* **SOURCE DATA**:
Segment Open
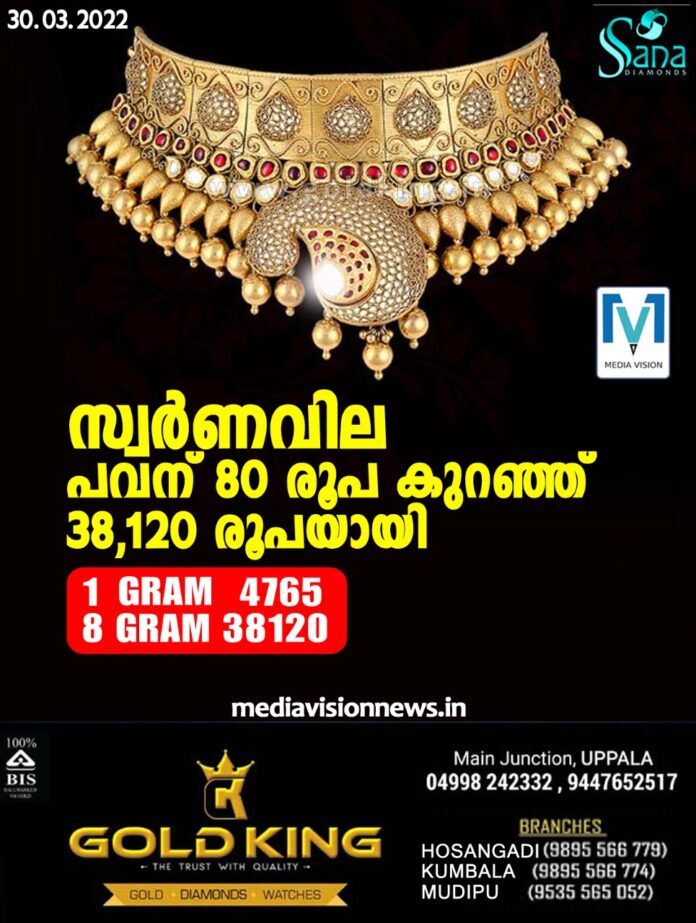 ഇന്നത്തെ സ്വർണവില ഗ്രാമിന് (22 കാരറ്റ്) 4765 രൂപയാണ്. ഒരു പവന്റെ വില 38120 രൂപയിലേക്ക് താഴ്ന്നു. 18 കാരറ്റ് സ്വർണത്തിന്റെ വിലയിലും സമാനമായ കുറവുണ്ടായി. 10 രൂപയാണ് ഗ്രാമിന് കുറഞ്ഞത്. ഇന്നത്തെ വില ഗ്രാമിന് 3935 രൂപയാണ്. ഹോൾമാർക്ക് വെള്ളിയുടെ വില 100 രൂപയാണ് ഗ്രാമിന്. വെള്ളിയുടെ വില കുറഞ്ഞു. ഗ്രാമിന് രണ്ട് രൂപ കുറഞ്ഞ് 72 രൂപയിലാണ് വെള്ളിയുടെ വിപണനം.
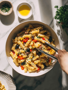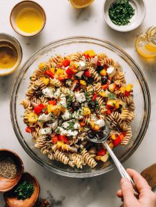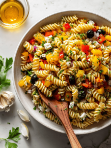 - Colorful pasta: Vibrant fusilli that catches dressing and adds fun swirl effects.
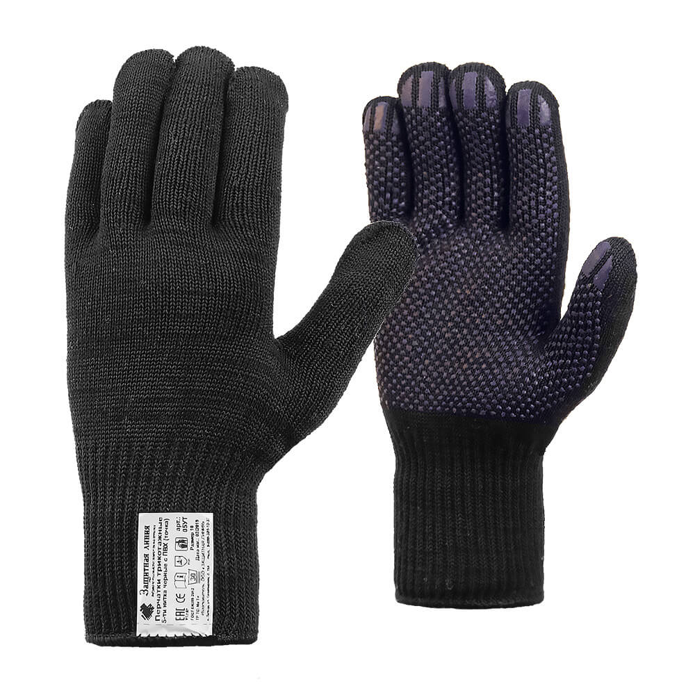 Трикотажные перчатки универсального применения 6-нитка черного цвета повышенной плотности вязки для более надежной защиты. Изготавливаются из х/б пряжи с добавлением прочных и легких синтетических волокон. Специальное точечное ПВХ-покрытие позволяет исключить проскальзывание предметов в руках при приложении физических усилий. Относятся к средствам индивидуальной защиты рук от механических воздействий (порезов, ссадин) и загрязнений. Полностью отвечают требованиям ГОСТ и маркируются, согласно законодательству РФ. К основным преимуществам можно отнести невысокую стоимость, практичность, хорошую воздухопроницаемость. Являются самым распространенным, популярным и востребованным видом перчаток в различных областях деятельности. Применяются при проведении любых видов работ, связанных с физическим трудом. Оптимальны для использования на производствах с невысоким уровнем загрязнений. Бесшовная «дышащая» основа из полиэфира с хлопком с плотностью вязки 10 петель на дюйм. Высокий уровень комфорта и постоянный отвод влаги. Превосходные сцепные свойства и дополнительная стойкость к истиранию. Двойной оверлок - с возможностью пришить маркировку.
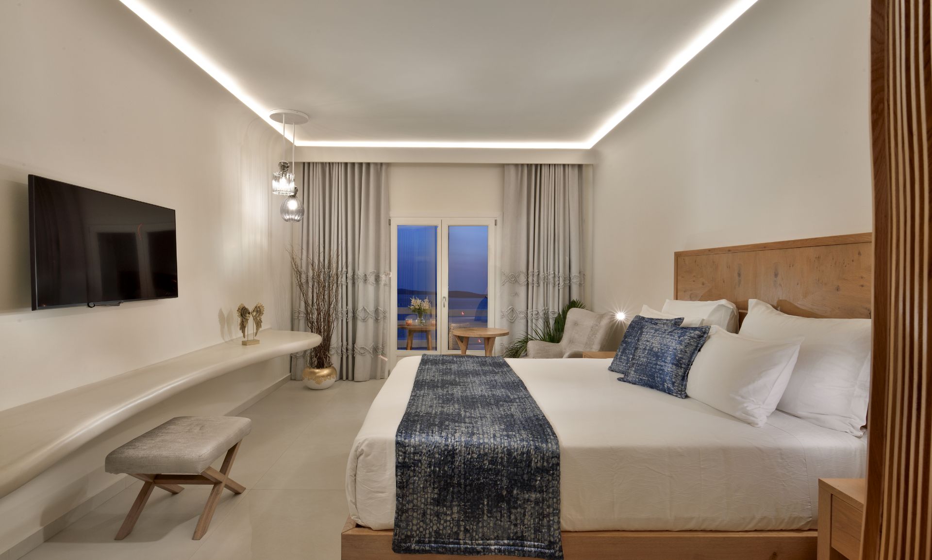 Delicate lines of Cycladic architecture, luxurious simplicity and high aesthetics are the main characteristics of the white serenity of the Anax Suite...
Segment Closed
* **PROBLEM TO SOLVE**:
Word-for-word transcription: the whole listing, with images excluded.

* **RESPONSE BELOW**:
 ഇന്നത്തെ സ്വർണവില ഗ്രാമിന് (22 കാരറ്റ്) 4765 രൂപയാണ്. ഒരു പവന്റെ വില 38120 രൂപയിലേക്ക് താഴ്ന്നു. 18 കാരറ്റ് സ്വർണത്തിന്റെ വിലയിലും സമാനമായ കുറവുണ്ടായി. 10 രൂപയാണ് ഗ്രാമിന് കുറഞ്ഞത്. ഇന്നത്തെ വില ഗ്രാമിന് 3935 രൂപയാണ്. ഹോൾമാർക്ക് വെള്ളിയുടെ വില 100 രൂപയാണ് ഗ്രാമിന്. വെള്ളിയുടെ വില കുറഞ്ഞു. ഗ്രാമിന് രണ്ട് രൂപ കുറഞ്ഞ് 72 രൂപയിലാണ് വെള്ളിയുടെ വിപണനം.
 - Colorful pasta: Vibrant fusilli that catches dressing and adds fun swirl effects.
 Трикотажные перчатки универсального применения 6-нитка черного цвета повышенной плотности вязки для более надежной защиты. Изготавливаются из х/б пряжи с добавлением прочных и легких синтетических волокон. Специальное точечное ПВХ-покрытие позволяет исключить проскальзывание предметов в руках при приложении физических усилий. Относятся к средствам индивидуальной защиты рук от механических воздействий (порезов, ссадин) и загрязнений. Полностью отвечают требованиям ГОСТ и маркируются, согласно законодательству РФ. К основным преимуществам можно отнести невысокую стоимость, практичность, хорошую воздухопроницаемость. Являются самым распространенным, популярным и востребованным видом перчаток в различных областях деятельности. Применяются при проведении любых видов работ, связанных с физическим трудом. Оптимальны для использования на производствах с невысоким уровнем загрязнений. Бесшовная «дышащая» основа из полиэфира с хлопком с плотностью вязки 10 петель на дюйм. Высокий уровень комфорта и постоянный отвод влаги. Превосходные сцепные свойства и дополнительная стойкость к истиранию. Двойной оверлок - с возможностью пришить маркировку.
 Delicate lines of Cycladic architecture, luxurious simplicity and high aesthetics are the main characteristics of the white serenity of the Anax Suite...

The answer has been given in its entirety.